= Beginning of Section =

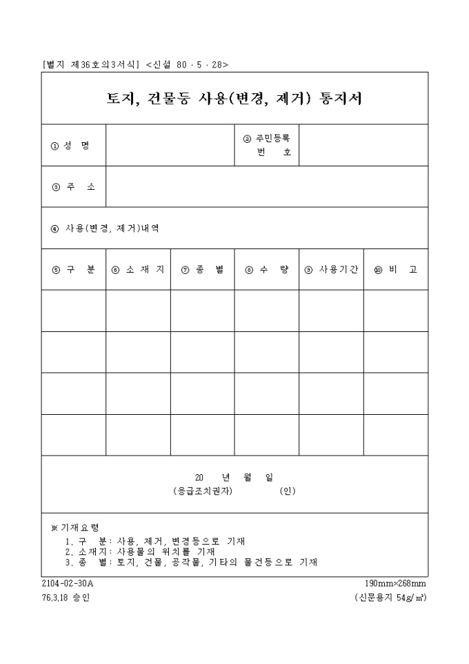 토지, 건물등사용(변경, 제거)통지서
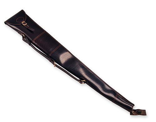 A NEW AND UNUSED CHOCOLATE LEATHER FLEECE-LINED SINGLE GUNSLIP,
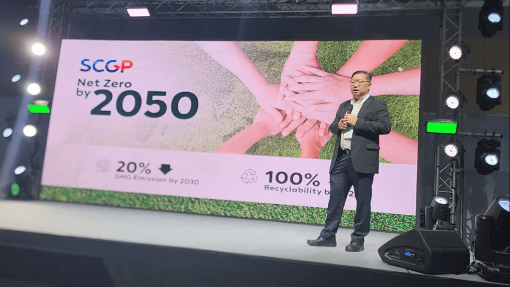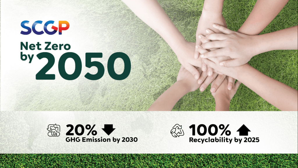 จากแนวทางการขับเคลื่อนธุรกิจของ SCGP ตามกรอบแนวคิด ESG ซึ่งมีแผนงานชัดเจนที่จะเพิ่มสัดส่วนบรรจุภัณฑ์เป็นมิตรกับสิ่งแวดล้อม ในปี 2025 ที่จะไปสู่เป้าหมายใช้บรรจุภัณฑ์รีไซเคิลและย่อยสลายได้ 100% และในปี 2050 ประกาศเป้าหมายปล่อยก๊าซเรือนกระจกสุทธิเป็นศูนย์ SCGP ได้พัฒนาเทคโนโลยีและแพลตฟอร์มดิจิทัลอย่างต่อเนื่องเพื่อขับเคลื่อนให้ถึงเป้าหมายความยั่งยืน
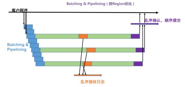 X-DB 核心技术之二: Batching & Pipelining。X-DB在事务提交时,必须保证日志在数据库节点的多数派收到并提交,这是保证数据强一致基础,由于事务在提交时必须需要跨网络,这一定会导致延时增加,要保证高延时下的吞吐是非常困难的。Batching & Pipelining技术保证尽可能批量提交,数据可以乱序接收和确认,最终保证日志顺序提交。可以在高延时的情况下,保持很高的吞吐能力。
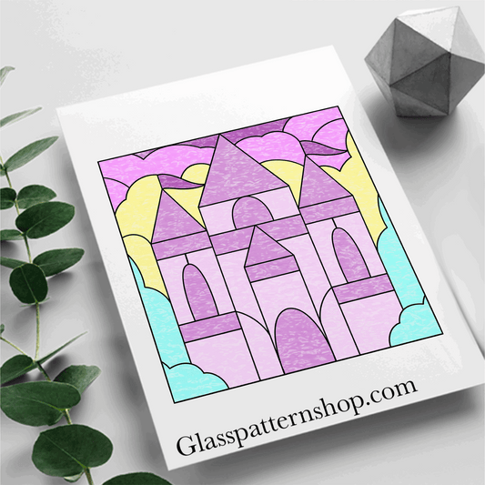 Castle Stained Glass Pattern | Digital Download for Shadow Box Frame Projects
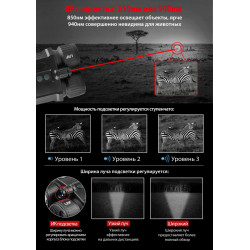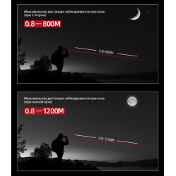 Бинокль оснащён 16-мегапиксельной CMOS-матрицей с чувствительностью 0,002 люкс, что позволяет получать чёткое изображение даже при минимальном освещении. Встроенный ИК-осветитель с тремя уровнями мощности помогает видеть в полной темноте на расстоянии до 300 метров, а при лунном свете — до 1200 метров. Цветные OLED-дисплеи с разрешением 1024x768 обеспечивают комфортное наблюдение при любых условиях.
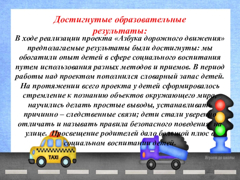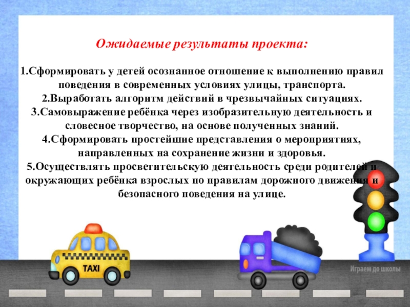 В ходе реализации проекта «Азбука дорожного движения» предполагаемые результаты

= End of Section =

PROBLEM REQUIREMENTS
Please output the lines above beginning at the line with "A NEW AND UNUSED" and ending after the line with "Castle Stained Glass", precisely as written and with no pictures.

WRITTEN SOLUTION
 A NEW AND UNUSED CHOCOLATE LEATHER FLEECE-LINED SINGLE GUNSLIP,
 จากแนวทางการขับเคลื่อนธุรกิจของ SCGP ตามกรอบแนวคิด ESG ซึ่งมีแผนงานชัดเจนที่จะเพิ่มสัดส่วนบรรจุภัณฑ์เป็นมิตรกับสิ่งแวดล้อม ในปี 2025 ที่จะไปสู่เป้าหมายใช้บรรจุภัณฑ์รีไซเคิลและย่อยสลายได้ 100% และในปี 2050 ประกาศเป้าหมายปล่อยก๊าซเรือนกระจกสุทธิเป็นศูนย์ SCGP ได้พัฒนาเทคโนโลยีและแพลตฟอร์มดิจิทัลอย่างต่อเนื่องเพื่อขับเคลื่อนให้ถึงเป้าหมายความยั่งยืน
 X-DB 核心技术之二: Batching & Pipelining。X-DB在事务提交时,必须保证日志在数据库节点的多数派收到并提交,这是保证数据强一致基础,由于事务在提交时必须需要跨网络,这一定会导致延时增加,要保证高延时下的吞吐是非常困难的。Batching & Pipelining技术保证尽可能批量提交,数据可以乱序接收和确认,最终保证日志顺序提交。可以在高延时的情况下,保持很高的吞吐能力。
 Castle Stained Glass Pattern | Digital Download for Shadow Box Frame Projects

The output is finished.